The actual tally of stolen user accounts from the hack Yahoo experienced could be much larger than 500 million, according to a former Yahoo executive familiar with its security practices.
The former Yahoo insider says the architecture of Yahoo’s back-end systems is organized in such a way that the type of breach that was reported would have exposed a much larger group of user account information.
“I believe it to be bigger than what’s being reported,” the executive, who no longer works for the company but claims to be in frequent contact with employees still there, including those investigating the breach, told Business Insider. “How they came up with 500 is a mystery.”
To be sure, Yahoo has said that the breach affected at least 500 million users. But the former Yahoo exec estimated the number of accounts that could have potentially been stolen could be anywhere between 1 billion and 3 billion.
According to this executive, all of Yahoo’s products use one main user database, or UDB, to authenticate users.

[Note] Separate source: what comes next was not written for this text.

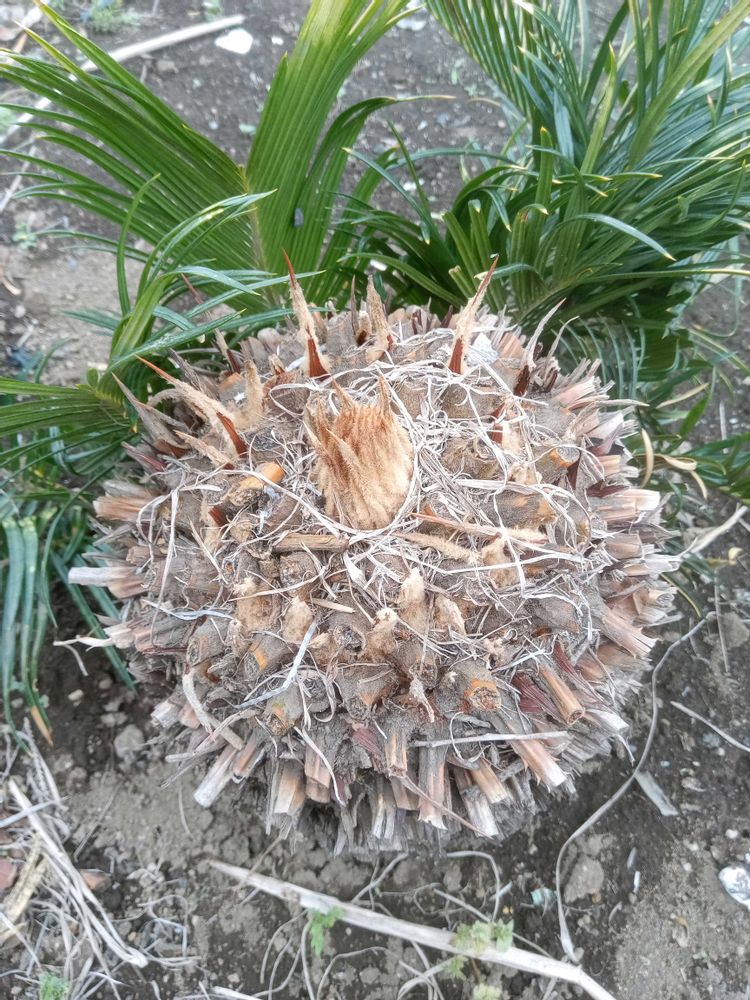 強い寒さで傷んだ坊主の蘇鉄とザミア。また綺麗な🌴葉がフラッシュする楽しみ。

So people who log into products such as Yahoo Mail, Finance, or Sports all enter their usernames and passwords, which then goes to this one central place to ensure they are legitimate, allowing them access.
That database is huge, the executive said. At the time of the hack in 2014, inside were credentials for roughly 700 million to 1 billion active users accessing Yahoo products every month, along with many other inactive accounts that hadn’t been deleted.
“That is what got compromised,” the executive said. “The core crown jewels of Yahoo customer credentials.”
Yahoo’s UDB is still the main repository for user credentials and is still in use, LinkedIn profiles from current Yahoo employees and a 2015 court ruling show.
It’s unclear how the hackers actually exfiltrated the database, and Yahoo has not commented further on how the breach happened or when it was discovered, citing an active investigation. Though it is certainly plausible that a hacker group could access a database but not steal everything within, lending credence to Yahoo’s official number.
Yahoo declined to specify how many breach notification emails it sent out to affected users or how it reached the 500 million number.